El valencianismo se desplegará con una energía asimilada desde que llenara trenes y barcos para acudir a Montjuic en 1934

Mural dedicado a Espanyeta en la calle Guatla en València

Mural dedicado a Espanyeta en la calle Guatla en València / FRANCISCO CALABUIG

Vicent Chilet

Vicent Chilet

El Valencia y el fútbol habían cambiado, pero cada vez que Espanyeta salía al campo en la presentación del equipo, recreándose en cada paso y cada gesto, se oficiaba en el viejo Mestalla una mágica puesta en escena que nos regalaba una tregua, quizá hasta un espejismo: en este club y en este deporte todo seguía en su sitio.

El Valencia Club de Fútbol no se entiende tanto desde su concentración accionarial, ni desde su posición actual en la tabla o la falta de vistosidad en el planteamiento de Bordalás. El Valencia es todo aquello que este club nos evoca y representa. Son 103 años de tradición heredada con una masa social muy arraigada a su territorio y que incluso se fortalece ante el más atroz de los desencantos, en tiempos de militancias deslocalizadas y audios indignos.

De esa verdad empecé a percatarme en la final del 95, contra un Deportivo que era el equipo de moda y admirado, el preferido del espectador imparcial. El despliegue 70-30% del Bernabéu descubría a los niños que no vimos a Kempes y que partimos desde el descenso del 86, que la grandeza del Valencia y el músculo social de la entidad se remontaba más allá de nuestro corto recuerdo. Lo mismo sirve para la generación que solo ha visto a Meriton. La tormenta y la derrota dejaron en un segundo plano la apabullante adhesión al club que se había visto en aquel estadio convertido en humeante volcán, de las tracas que llegaron a dispararse dentro. 

Una visión parecida me vino en la última visita a Celtic Park. Me asombró que en este deporte en el que las nuevas grandes fortunas han arrinconado a equipos cargados de historia a la categoría de ocasionales octavofinalistas, la exhibición de la hinchada escocesa fuese tan pasional como en la anterior visita, en el invierno de 2001, cuando aún tenían a Larsson y alcanzaban finales europeas. Al Valencia de Marcelino, la hinchada de los “bhoys” le recordó que si bien los días de gloria ya habían pasado, el estadio que pisaban era sagrado.

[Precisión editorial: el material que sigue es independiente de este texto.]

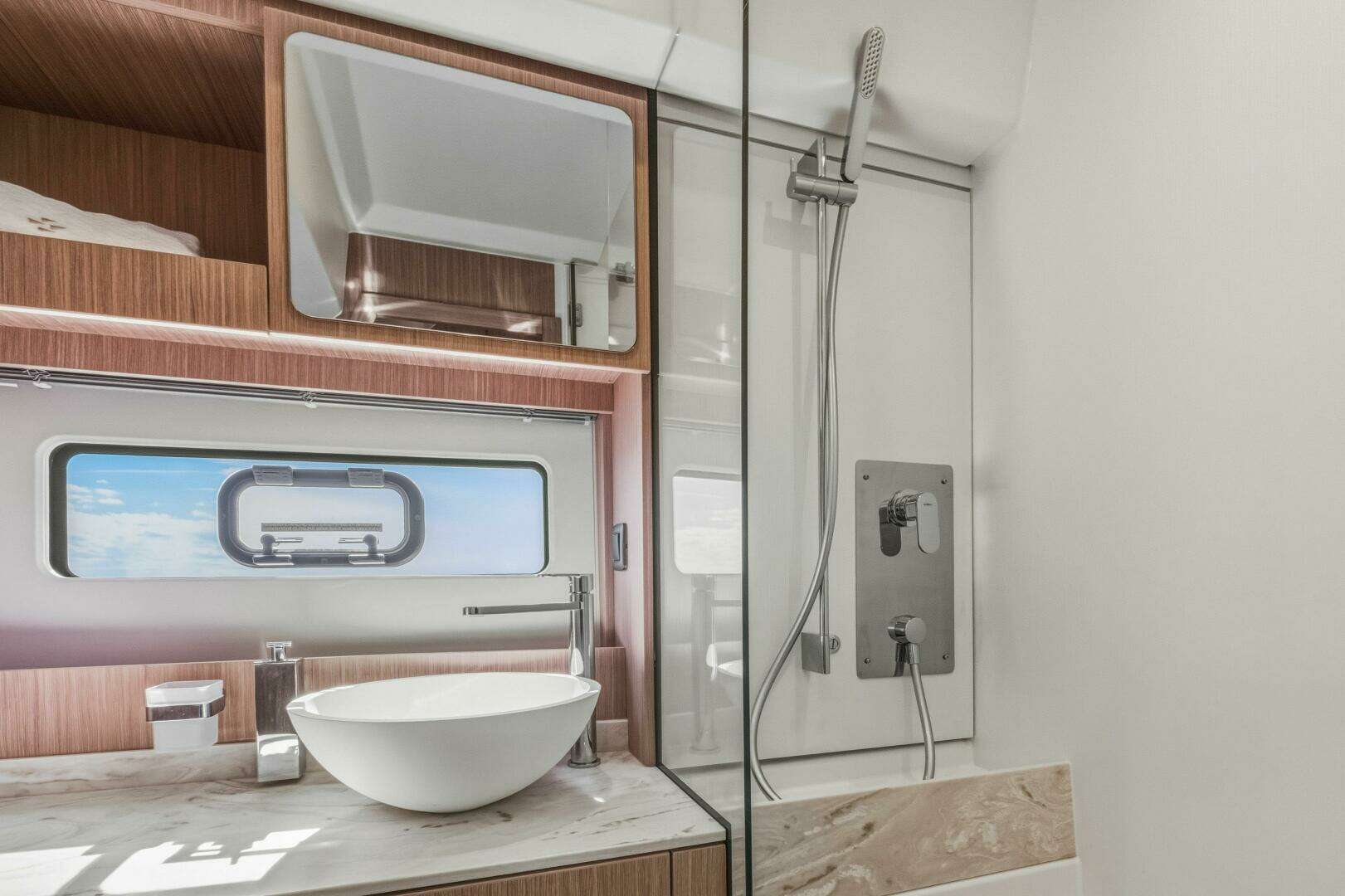 - Freshwater/saltwater wash-down system in cockpit and anchor locker with dedicated pump

Sin necesidad siquiera de recordarlo, el valencianismo se desplegará este sábado, en una ciudad en la que se siente como local, con una energía que le viene asimilada desde que llenara trenes y barcos para acudir a Montjuic en 1934. Y será a nuestra tan particular e innegociable manera. Con pinturas multicromadas de guerra, de blanco, naranja, senyera, granate, con banderas de Heysel y camisetas de Luanvi, con carteles de la Geperudeta, con ‘Esta sí, Esta no’ en la fan zone, invocando al Piojo y llenando cada callejuela del centro de Sevilla de pirotecnia. Quizá hasta Rafa Lahuerta vuelva a escribir un artículo talismán, como en el triunfo del 19. Si alguno queda escéptico, el entusiasmo cargado de simbología propia de la hinchada del Betis, el equipo favorito para la España amable, le activará las pilas. Hasta la probable lluvia la conectemos con la final del agua.

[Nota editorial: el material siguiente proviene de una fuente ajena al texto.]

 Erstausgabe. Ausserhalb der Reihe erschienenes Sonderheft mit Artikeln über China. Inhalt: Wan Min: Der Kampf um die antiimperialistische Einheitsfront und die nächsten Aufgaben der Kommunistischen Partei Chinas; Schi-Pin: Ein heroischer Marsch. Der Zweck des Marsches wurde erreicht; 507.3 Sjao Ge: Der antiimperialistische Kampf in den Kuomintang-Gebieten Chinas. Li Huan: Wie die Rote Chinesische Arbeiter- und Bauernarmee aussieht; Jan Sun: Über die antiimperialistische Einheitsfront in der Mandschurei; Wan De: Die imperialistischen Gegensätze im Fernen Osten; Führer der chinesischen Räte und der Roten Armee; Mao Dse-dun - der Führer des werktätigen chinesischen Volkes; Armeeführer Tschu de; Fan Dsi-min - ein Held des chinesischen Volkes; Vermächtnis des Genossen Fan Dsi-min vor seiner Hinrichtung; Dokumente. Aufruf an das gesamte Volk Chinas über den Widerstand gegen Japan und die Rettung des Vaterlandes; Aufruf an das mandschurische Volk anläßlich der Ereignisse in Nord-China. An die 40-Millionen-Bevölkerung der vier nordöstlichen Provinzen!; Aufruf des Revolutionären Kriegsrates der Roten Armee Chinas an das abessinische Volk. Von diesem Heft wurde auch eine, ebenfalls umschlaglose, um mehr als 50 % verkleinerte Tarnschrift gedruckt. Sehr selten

Todos los detalles están previstos. Hasta está pensado que los capitanes levanten juntos la Copa, porque fue así como alzaron el trofeo del 99 Camarasa, Mendieta y el Piojo. No sabemos qué será de nosotros en un año, con deudas, un estadio por terminar, otro por vender y una gestión infame. Pero el sábado se recordará, como en las presentaciones de Espanyeta, que aunque todo haya cambiado, seguimos hechos de memoria, grandeza y pólvora.